10.0 Temporary reduction and temporary exemption
(1) Notwithstanding any other provision of this bylaw, the following shall apply:
- notwithstanding anything to the contrary, residential development and or residential redevelopment in the Uptown having a density exceeding 100 residential units per hectare based on the net land area shall convey parkland at an alternative rate of 0.10 hectares per 300 units.
- notwithstanding Subsection 10.1.1. of this bylaw, the parkland conveyance for residential development and or residential redevelopment in the Uptown having a density exceeding 100 residential units per hectare based on the net land area shall not exceed:
- where the parkland requirement is satisfied through the conveyance of land, fifteen per cent (15%) of the net land area;
- where the parkland requirement is satisfied through cash-in-lieu of land, fifteen per cent (15%) of the value of the net land area;
- where the parkland requirement is satisfied through a combination of the conveyance of land and cash-in-lieu, cash-in-lieu shall not exceed the value of the reduced land area;
- for Subsections 10.1.2.2. and 10.1.2.3. of this bylaw, land values shall be determined by an independent accredited real-estate appraiser retained by and at the expense of the land owner, in accordance with Section 7 of this bylaw.
- notwithstanding anything to the contrary, in the Uptown, the following shall be exempt from the parkland requirements of this bylaw:
- office buildings;
- office and ground floor commercial uses of a mixed building.
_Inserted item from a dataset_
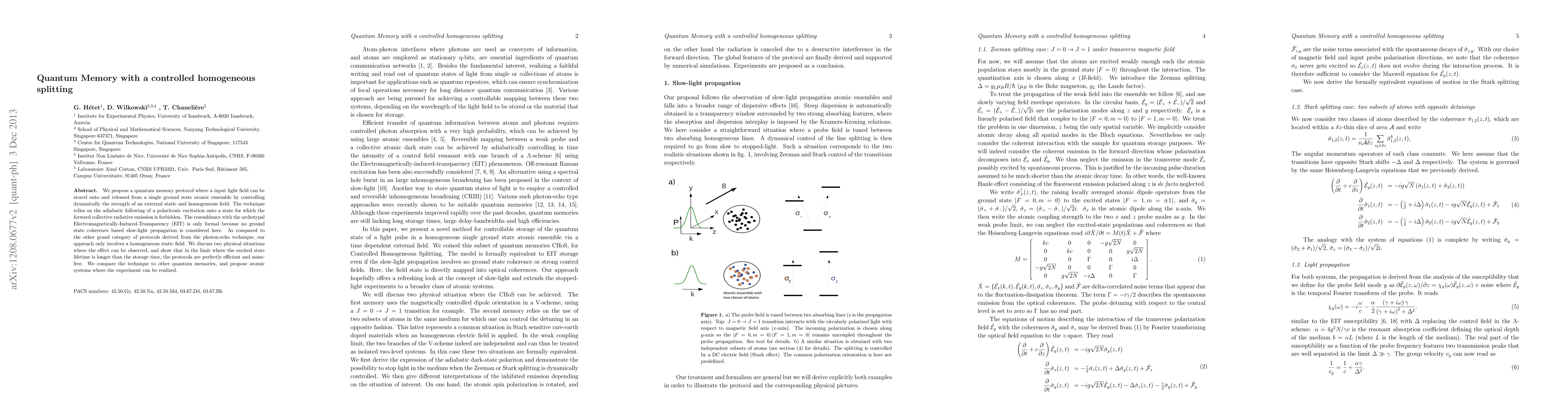 We propose a quantum memory protocol where a input light field can be stored onto and released from a single ground state atomic ensemble by controlling dynamically the strength of an external static and homogeneous field. The technique relies on the adiabatic following of a polaritonic excitation onto a state for which the forward collective radiative emission is forbidden. The resemblance with the archetypal Electromagnetically-Induced-Transparency (EIT) is only formal because no ground state coherence based slow-light propagation is considered here. As compared to the other grand category of protocols derived from the photon-echo technique, our approach only involves a homogeneous static field. We discuss two physical situations where the effect can be observed, and show that in the limit where the excited state lifetime is longer than the storage time, the protocols are perfectly efficient and noise-free. We compare the technique to other quantum memories, and propose atomic systems where the experiment can be realized.

- notwithstanding anything to the contrary, city-wide, industrial development and industrial redevelopment shall be exempt from the parkland requirements of this bylaw.
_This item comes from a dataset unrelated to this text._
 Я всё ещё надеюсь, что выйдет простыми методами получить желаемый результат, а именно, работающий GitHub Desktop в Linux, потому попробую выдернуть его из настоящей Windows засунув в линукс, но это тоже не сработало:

(2) The temporary reduction and temporary exemption as set out in Section 10 of this bylaw shall end and cease at 11:59 p.m. on December 31, 2024.
11.0 Transition
(1) The provisions of this bylaw shall take effect and will apply in regard to applications (consent, condominium, subdivision, site plan, and building permit applications) which:
- have not been deemed complete by the City, Chief Building Official or Regional Municipality of Waterloo prior to the effective date of this bylaw, in the case of consent, condominium, subdivision or building permit applications;
- have not been given final approval by the Director of Planning for the City of Waterloo prior to the effective date of this bylaw, in the case of site plan applications; or
- are submitted after the effective date of this bylaw
12.0 Administration
The administration of this bylaw and the determination of the application of this bylaw shall be made by the City's Director of Planning or their designate.
13.0 Bylaw repeals
(1) By-law No. 2011-024, as amended by By-law No. 2011-098, is hereby repealed.
(2) By-law Nos. 2015-044 and 2020-051 are hereby repealed.
14.0 Effective date
This bylaw shall come into force and effect on September 26, 2022.
Schedule 'A'
Opinion of value assumptions
The professional opinion of value for the lands shall be determined:
(1) in regard to the net land area;
(2) in regard to the value of the land only. The land to be valued should be treated as vacant and with no on-site improvements or buildings and without the inclusions of any development charges or credits which may otherwise be applicable.
(3) assuming there are no rights of way, easements, encroachments, encumbrances, restrictions, leases or covenants that would in any way affect the valuation, unless expressly demonstrated by the applicant/owner, to the satisfaction of the City of Waterloo.
(4) assuming rights of way, easements or encroachments affecting the lands are legally enforceable.
(5) assuming the soil conditions at the subject site have the necessary bearing capacity to support typical improvements, unless expressly demonstrated by the applicant/owner, to the satisfaction of the City of Waterloo.
(6) assuming the lands are free and clear of any environmental condition, past, present or future that might affect the market value, unless expressly demonstrated by the applicant/owner, to the satisfaction of the City of Waterloo.